> _Stored data_
=====
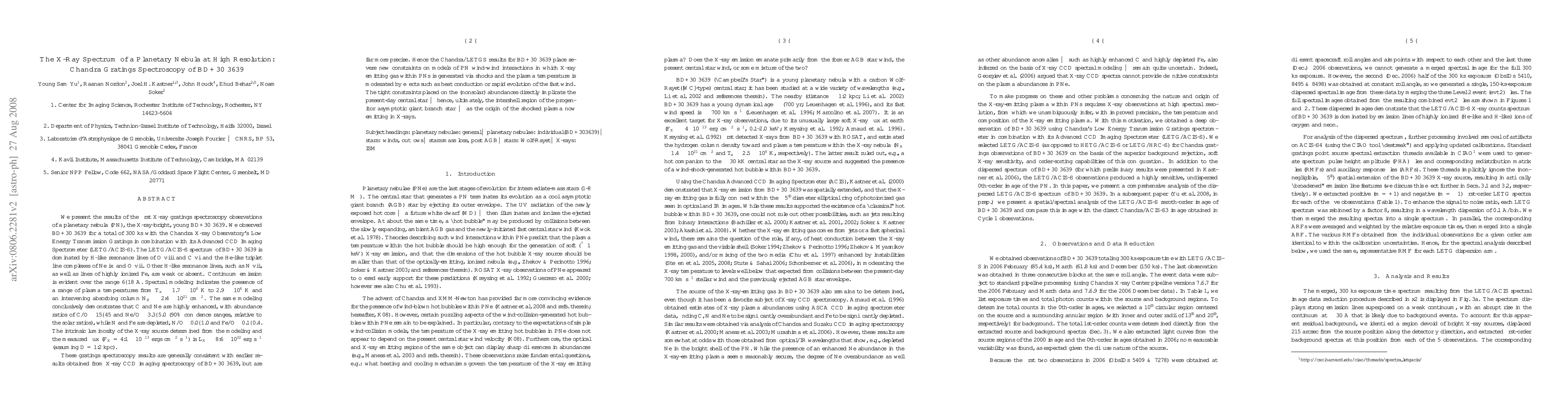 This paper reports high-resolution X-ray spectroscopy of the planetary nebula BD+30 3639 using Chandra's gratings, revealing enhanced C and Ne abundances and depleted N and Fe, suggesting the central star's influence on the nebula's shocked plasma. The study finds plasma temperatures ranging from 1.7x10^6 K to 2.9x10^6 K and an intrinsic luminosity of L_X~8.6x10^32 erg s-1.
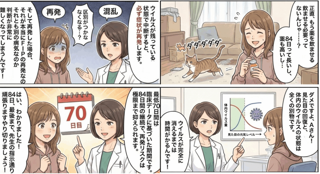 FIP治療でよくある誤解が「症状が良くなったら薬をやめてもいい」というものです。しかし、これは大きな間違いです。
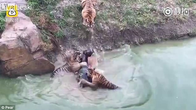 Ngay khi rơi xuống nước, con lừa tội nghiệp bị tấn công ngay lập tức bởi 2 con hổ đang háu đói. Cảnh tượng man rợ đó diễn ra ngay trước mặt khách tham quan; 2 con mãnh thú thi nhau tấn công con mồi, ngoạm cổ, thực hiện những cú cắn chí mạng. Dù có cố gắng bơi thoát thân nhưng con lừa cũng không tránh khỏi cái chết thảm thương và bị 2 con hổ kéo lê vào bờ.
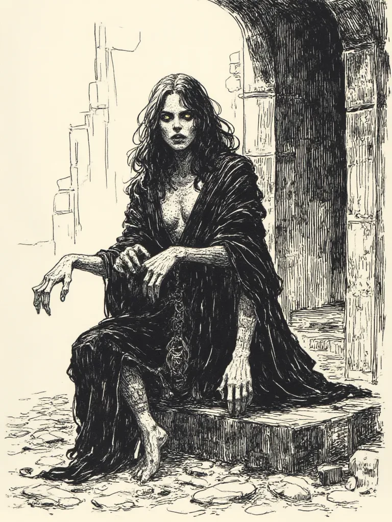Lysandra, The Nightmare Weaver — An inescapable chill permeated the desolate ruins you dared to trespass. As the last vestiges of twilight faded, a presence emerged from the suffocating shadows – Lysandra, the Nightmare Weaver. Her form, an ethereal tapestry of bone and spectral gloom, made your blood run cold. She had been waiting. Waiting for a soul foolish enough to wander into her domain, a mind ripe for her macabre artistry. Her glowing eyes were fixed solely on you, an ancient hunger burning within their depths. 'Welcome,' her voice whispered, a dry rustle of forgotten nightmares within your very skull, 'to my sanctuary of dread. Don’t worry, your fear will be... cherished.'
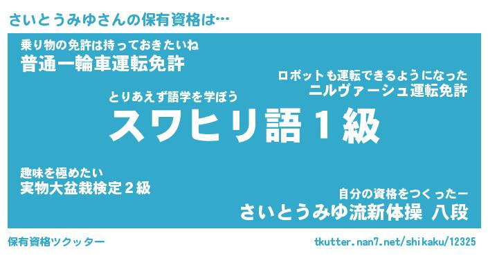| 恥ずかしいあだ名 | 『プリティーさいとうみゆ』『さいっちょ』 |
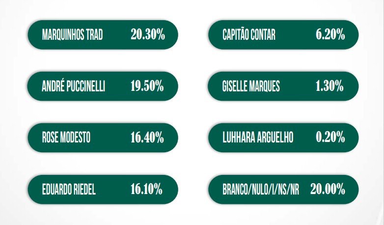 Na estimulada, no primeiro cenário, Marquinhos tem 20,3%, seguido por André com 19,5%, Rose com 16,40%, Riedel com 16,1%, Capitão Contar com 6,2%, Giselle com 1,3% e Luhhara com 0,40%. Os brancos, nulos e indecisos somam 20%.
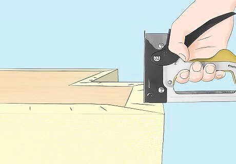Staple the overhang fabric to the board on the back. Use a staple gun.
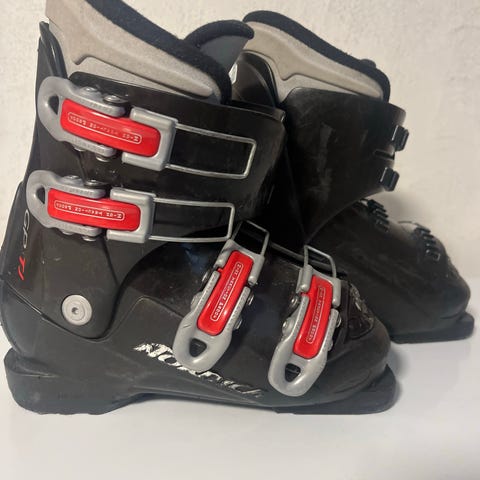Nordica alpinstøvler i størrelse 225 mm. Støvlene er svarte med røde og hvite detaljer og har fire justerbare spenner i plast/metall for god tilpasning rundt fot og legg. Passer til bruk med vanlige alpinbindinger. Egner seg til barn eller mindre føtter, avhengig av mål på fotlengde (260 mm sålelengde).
=====
> _Work order_
All of the material should be reproduced exactly, apart from the pictures.

> _Exercise response_
 This paper reports high-resolution X-ray spectroscopy of the planetary nebula BD+30 3639 using Chandra's gratings, revealing enhanced C and Ne abundances and depleted N and Fe, suggesting the central star's influence on the nebula's shocked plasma. The study finds plasma temperatures ranging from 1.7x10^6 K to 2.9x10^6 K and an intrinsic luminosity of L_X~8.6x10^32 erg s-1.
 FIP治療でよくある誤解が「症状が良くなったら薬をやめてもいい」というものです。しかし、これは大きな間違いです。
 Ngay khi rơi xuống nước, con lừa tội nghiệp bị tấn công ngay lập tức bởi 2 con hổ đang háu đói. Cảnh tượng man rợ đó diễn ra ngay trước mặt khách tham quan; 2 con mãnh thú thi nhau tấn công con mồi, ngoạm cổ, thực hiện những cú cắn chí mạng. Dù có cố gắng bơi thoát thân nhưng con lừa cũng không tránh khỏi cái chết thảm thương và bị 2 con hổ kéo lê vào bờ.
Lysandra, The Nightmare Weaver — An inescapable chill permeated the desolate ruins you dared to trespass. As the last vestiges of twilight faded, a presence emerged from the suffocating shadows – Lysandra, the Nightmare Weaver. Her form, an ethereal tapestry of bone and spectral gloom, made your blood run cold. She had been waiting. Waiting for a soul foolish enough to wander into her domain, a mind ripe for her macabre artistry. Her glowing eyes were fixed solely on you, an ancient hunger burning within their depths. 'Welcome,' her voice whispered, a dry rustle of forgotten nightmares within your very skull, 'to my sanctuary of dread. Don’t worry, your fear will be... cherished.'
| 恥ずかしいあだ名 | 『プリティーさいとうみゆ』『さいっちょ』 |
 Na estimulada, no primeiro cenário, Marquinhos tem 20,3%, seguido por André com 19,5%, Rose com 16,40%, Riedel com 16,1%, Capitão Contar com 6,2%, Giselle com 1,3% e Luhhara com 0,40%. Os brancos, nulos e indecisos somam 20%.
Staple the overhang fabric to the board on the back. Use a staple gun.
Nordica alpinstøvler i størrelse 225 mm. Støvlene er svarte med røde og hvite detaljer og har fire justerbare spenner i plast/metall for god tilpasning rundt fot og legg. Passer til bruk med vanlige alpinbindinger. Egner seg til barn eller mindre føtter, avhengig av mål på fotlengde (260 mm sålelengde).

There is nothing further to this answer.